>>>>

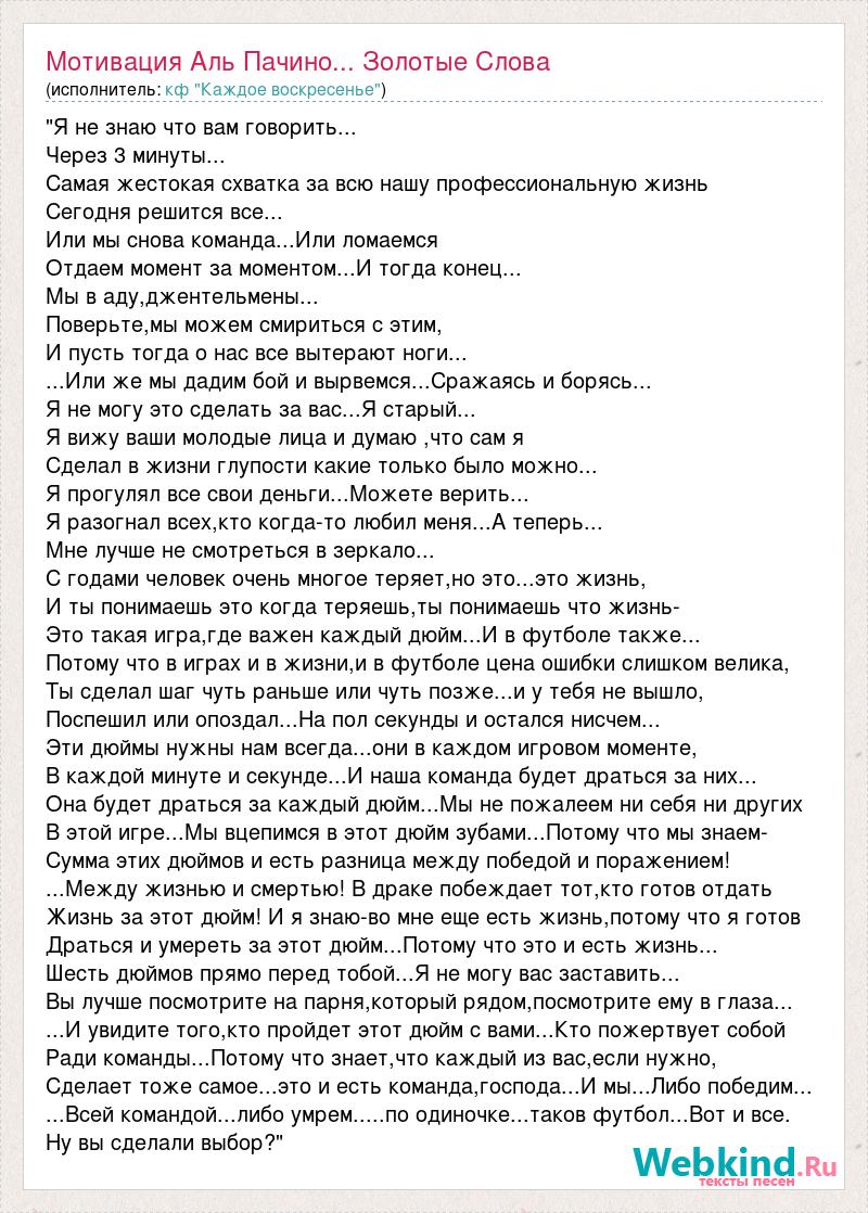 "Я не знаю что вам говорить... Через 3 минуты... Самая жестокая схватка за всю нашу профессиональную жизнь Сегодня решится все... Или мы снова команда...Или ломаемся Отдаем момент за моментом...И тогда конец... Мы в аду,джентельмены... Поверьте,мы можем смириться с этим, И пусть тогда о нас все вытерают ноги... ...Или же мы дадим бой и вырвемся...Сражаясь и борясь... Я не могу это сделать за вас...Я старый... Я вижу ваши молодые лица и думаю ,что сам я Сделал в жизни глупости какие только было можно... Я прогулял все свои деньги...Можете верить... Я разогнал всех,кто когда-то любил меня...А теперь... Мне лучше не смотреться в зеркало... С годами человек очень многое теряет,но это...это жизнь, И ты понимаешь это когда теряешь,ты понимаешь что жизнь- Это такая игра,где важен каждый дюйм...И в футболе также... Потому что в играх и в жизни,и в футболе цена ошибки слишком велика, Ты сделал шаг чуть раньше или чуть позже...и у тебя не вышло, Поспешил или опоздал...На пол секунды и остался нисчем... Эти дюймы нужны нам всегда...они в каждом игровом моменте, В каждой минуте и секунде...И наша команда будет драться за них... Она будет драться за каждый дюйм...Мы не пожалеем ни себя ни других В этой игре...Мы вцепимся в этот дюйм зубами...Потому что мы знаем- Сумма этих дюймов и есть разница между победой и поражением! ...Между жизнью и смертью! В драке побеждает тот,кто готов отдать Жизнь за этот дюйм! И я знаю-во мне еще есть жизнь,потому что я готов Драться и умереть за этот дюйм...Потому что это и есть жизнь... Шесть дюймов прямо перед тобой...Я не могу вас заставить... Вы лучше посмотрите на парня,который рядом,посмотрите ему в глаза... ...И увидите того,кто пройдет этот дюйм с вами...Кто пожертвует собой Ради команды...Потому что знает,что каждый из вас,если нужно, Сделает тоже самое...это и есть команда,господа...И мы...Либо победим... ...Всей командой...либо умрем.....по одиночке...таков футбол...Вот и все. Ну вы сделали выбор?"
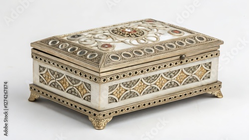 box, container, rectangular, ornate, decorative, silver, gold, metal, design, pattern, geometric, diamond, floral, white, background, isolated, studio, craft, craftsmanship, texture, surface, detail, element, object, antique, vintage, style, art, artistry, elegant, luxury, keepsake, storage, lid, latch, foot, border, inlay, engraving
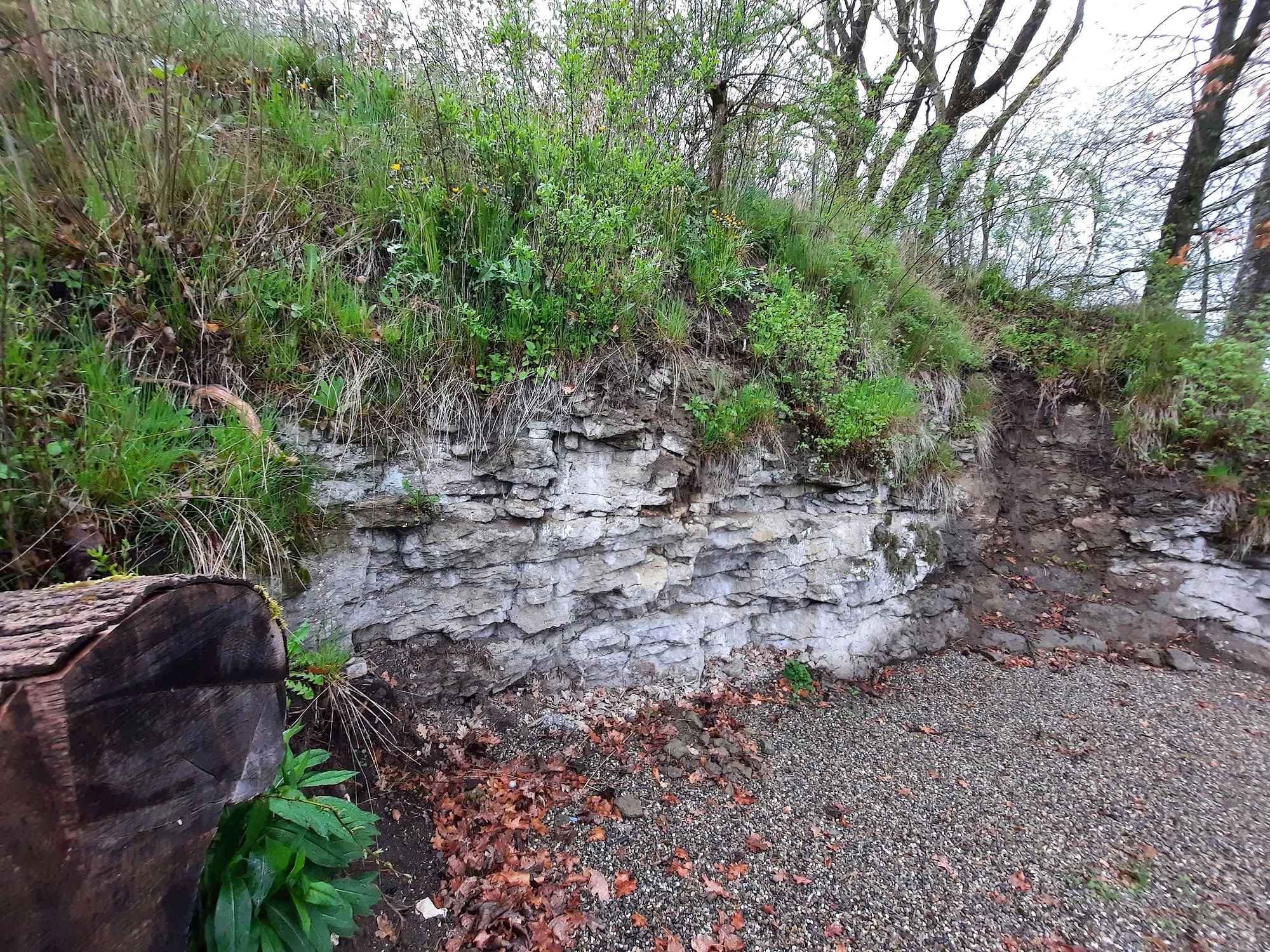 An der Amerdinger St.-Anna-Kapelle kann noch eine niedrige Felswand aus Suevit studiert werden.
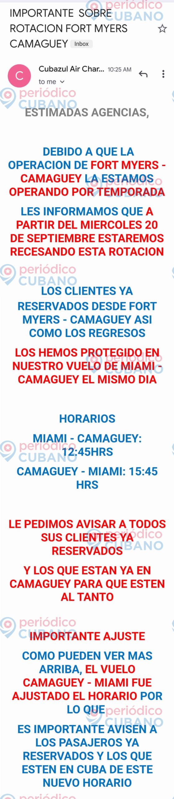 Cubazul informó que el próximo 20 de septiembre concluirá la temporada en la que suele operar vuelos en la ruta Fort Myers-Camagüey. Los clientes que reservaron este trayecto en ida y vuelta serán cubiertos con vuelos de Miami-Camagüey con los siguientes horarios:
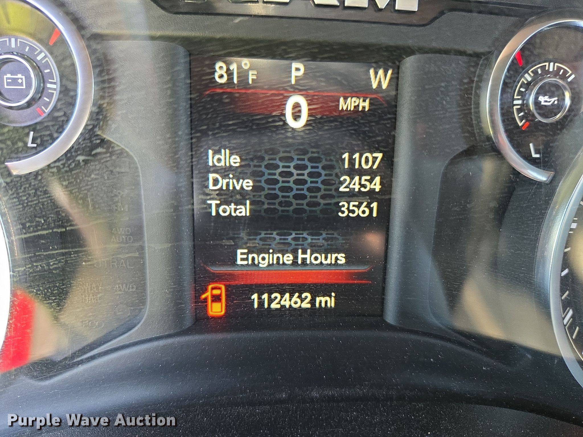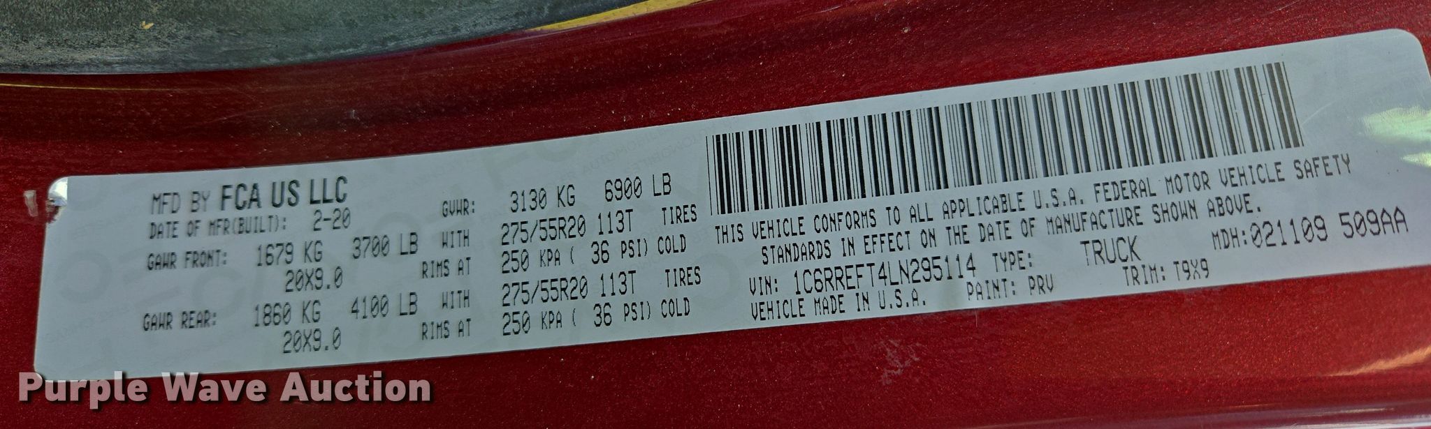 2020 Dodge Ram 1500 Crew Cab pickup truck. Miles: 112,462 on odometer, Engine hours: 3,561 on meter, VIN: 1C6RREFT4LN295114. Engine Displacement: 5.7L V8 OHV, Cylinders: 8, Fuel type: Gas. Transmission Automatic. Interior AC, Heat, Seat: Power driver, Power windows, Power locks, Cruise control, Backup camera. Features Hitch: Gooseneck. Tires Size: 275/55R20. Notes Dash warning indicator: Check engine, TPMS. Texas title. Title has a lien that will be released following the close of the auction. Title distribution may be delayed up to 45 days from verification of funds. Hubbard, TX 76648

<<<<

Requirement: The reply should hold every entry above, given again exactly, but not a single picture.

Solution to the problem:
 "Я не знаю что вам говорить... Через 3 минуты... Самая жестокая схватка за всю нашу профессиональную жизнь Сегодня решится все... Или мы снова команда...Или ломаемся Отдаем момент за моментом...И тогда конец... Мы в аду,джентельмены... Поверьте,мы можем смириться с этим, И пусть тогда о нас все вытерают ноги... ...Или же мы дадим бой и вырвемся...Сражаясь и борясь... Я не могу это сделать за вас...Я старый... Я вижу ваши молодые лица и думаю ,что сам я Сделал в жизни глупости какие только было можно... Я прогулял все свои деньги...Можете верить... Я разогнал всех,кто когда-то любил меня...А теперь... Мне лучше не смотреться в зеркало... С годами человек очень многое теряет,но это...это жизнь, И ты понимаешь это когда теряешь,ты понимаешь что жизнь- Это такая игра,где важен каждый дюйм...И в футболе также... Потому что в играх и в жизни,и в футболе цена ошибки слишком велика, Ты сделал шаг чуть раньше или чуть позже...и у тебя не вышло, Поспешил или опоздал...На пол секунды и остался нисчем... Эти дюймы нужны нам всегда...они в каждом игровом моменте, В каждой минуте и секунде...И наша команда будет драться за них... Она будет драться за каждый дюйм...Мы не пожалеем ни себя ни других В этой игре...Мы вцепимся в этот дюйм зубами...Потому что мы знаем- Сумма этих дюймов и есть разница между победой и поражением! ...Между жизнью и смертью! В драке побеждает тот,кто готов отдать Жизнь за этот дюйм! И я знаю-во мне еще есть жизнь,потому что я готов Драться и умереть за этот дюйм...Потому что это и есть жизнь... Шесть дюймов прямо перед тобой...Я не могу вас заставить... Вы лучше посмотрите на парня,который рядом,посмотрите ему в глаза... ...И увидите того,кто пройдет этот дюйм с вами...Кто пожертвует собой Ради команды...Потому что знает,что каждый из вас,если нужно, Сделает тоже самое...это и есть команда,господа...И мы...Либо победим... ...Всей командой...либо умрем.....по одиночке...таков футбол...Вот и все. Ну вы сделали выбор?"
 box, container, rectangular, ornate, decorative, silver, gold, metal, design, pattern, geometric, diamond, floral, white, background, isolated, studio, craft, craftsmanship, texture, surface, detail, element, object, antique, vintage, style, art, artistry, elegant, luxury, keepsake, storage, lid, latch, foot, border, inlay, engraving
 An der Amerdinger St.-Anna-Kapelle kann noch eine niedrige Felswand aus Suevit studiert werden.
 Cubazul informó que el próximo 20 de septiembre concluirá la temporada en la que suele operar vuelos en la ruta Fort Myers-Camagüey. Los clientes que reservaron este trayecto en ida y vuelta serán cubiertos con vuelos de Miami-Camagüey con los siguientes horarios:
 2020 Dodge Ram 1500 Crew Cab pickup truck. Miles: 112,462 on odometer, Engine hours: 3,561 on meter, VIN: 1C6RREFT4LN295114. Engine Displacement: 5.7L V8 OHV, Cylinders: 8, Fuel type: Gas. Transmission Automatic. Interior AC, Heat, Seat: Power driver, Power windows, Power locks, Cruise control, Backup camera. Features Hitch: Gooseneck. Tires Size: 275/55R20. Notes Dash warning indicator: Check engine, TPMS. Texas title. Title has a lien that will be released following the close of the auction. Title distribution may be delayed up to 45 days from verification of funds. Hubbard, TX 76648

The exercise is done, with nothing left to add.